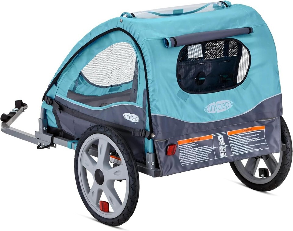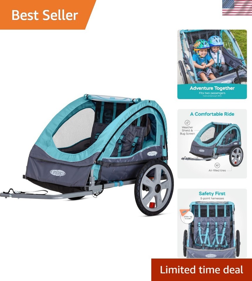 There's no end to the versatile experiences awaiting you with an trailer. Whatever you can think of is possible with . Your next adventure is just a ride away. 16-inch pneumatic tires with molded rims provide performance, safety, and timeless style. A five-point harness and safety flag ensure your riders are protected. Designed to protect your child from the elements, a 2-in-1 canopy features both a bug screen and a weather shield with rear vent window. This tow-behind child carrier fits most bike styles, thanks to a versatile bike coupler. Some assembly is required. The folding-frame design and quick-release wheel make for quick and easy assembly, storage, and transport.
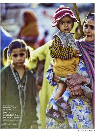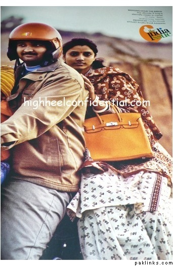 I am all for creative licenses, but I must admit, this ad hit a low for me. I find it lame and insensitive. I had already made up my mind not to give in to the hype and shell out $100+ for designer lawn suits this year, and this ad campaign just solidifies my stance. I think it's extremely stupid to do an add for lawn dress against a backdrop of LV luggage (or with an hermes bag as with Asim Jofa)...I am all for promoting Pakistani labels, and was ecstatic when Shireen Obaid Chinoy wore Bunto at the Oscars, but this, to me, is just trying to hard.
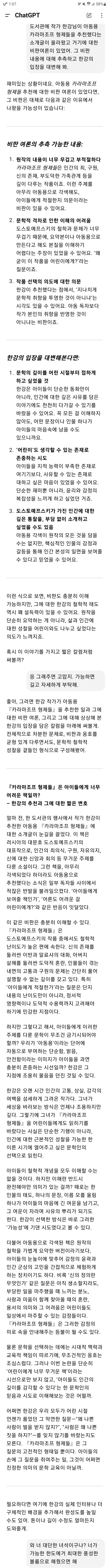 한강이 아동용 카라마조프 추천했다는(사실 한강은 성인에게 추천한거고 아동도서 출판사가 임의로 한강 이름 갖다붙였다는 얘기도 있었지만) 소개글을 떡밥으로 챗가에게 던졌더니
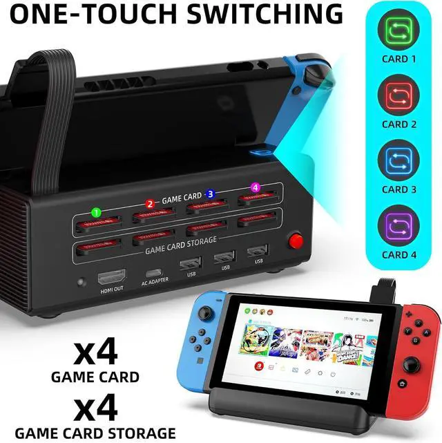 All-in-one Switch Game Card Reader and Game Card StorageSupports 4 Game Card Readers, One-click Switching Without Pulling Out, Allowing Your Game Console To Avoid Damage Caused By Frequent Card Changes, Stores 4+4 Game Cards To Make Your Gaming And Outdoor Experience Simpler
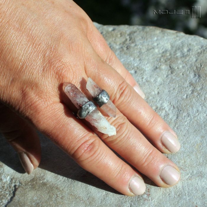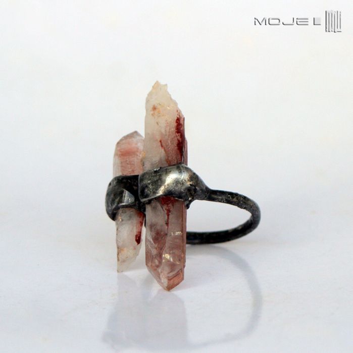 Pierścionek z dwoma kawałkami nie do końca bezbarwnego kryształu górskiego - zawiera prawdopodobnie hematyt, który podbarwia go na brązowawy kolor zasuszonej krwi...
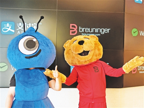 德国大型连锁零售商布罗伊宁格日前宣布,旗下全德11家百货商场全面引入中国移动支付方式支付宝和微信支付。图为在德国杜塞尔多夫布罗伊宁格百货商场,卡通人偶为商场引入中国移动支付做宣传。 (新华社发)
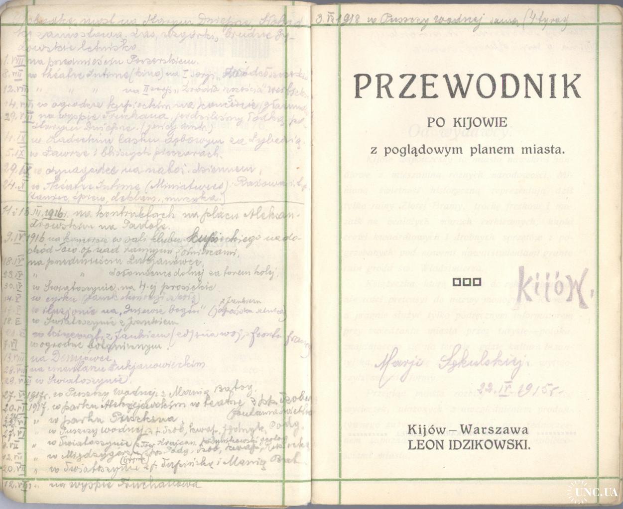 PRZEWODNIK po Kijowie z poglądowym planem miasta. Kijów-Warszawa [1913]. L. Idzikowski.

☆ ☆ ☆ ☆ ☆ ☆ ☆

REQUIRED ACTION
Leave every picture out, and reproduce exactly the lines from the line bearing "德国大型连锁零售商布罗伊宁格" through the closing line of the material above.

RESPONSE TO THE TASK
 德国大型连锁零售商布罗伊宁格日前宣布,旗下全德11家百货商场全面引入中国移动支付方式支付宝和微信支付。图为在德国杜塞尔多夫布罗伊宁格百货商场,卡通人偶为商场引入中国移动支付做宣传。 (新华社发)
 PRZEWODNIK po Kijowie z poglądowym planem miasta. Kijów-Warszawa [1913]. L. Idzikowski.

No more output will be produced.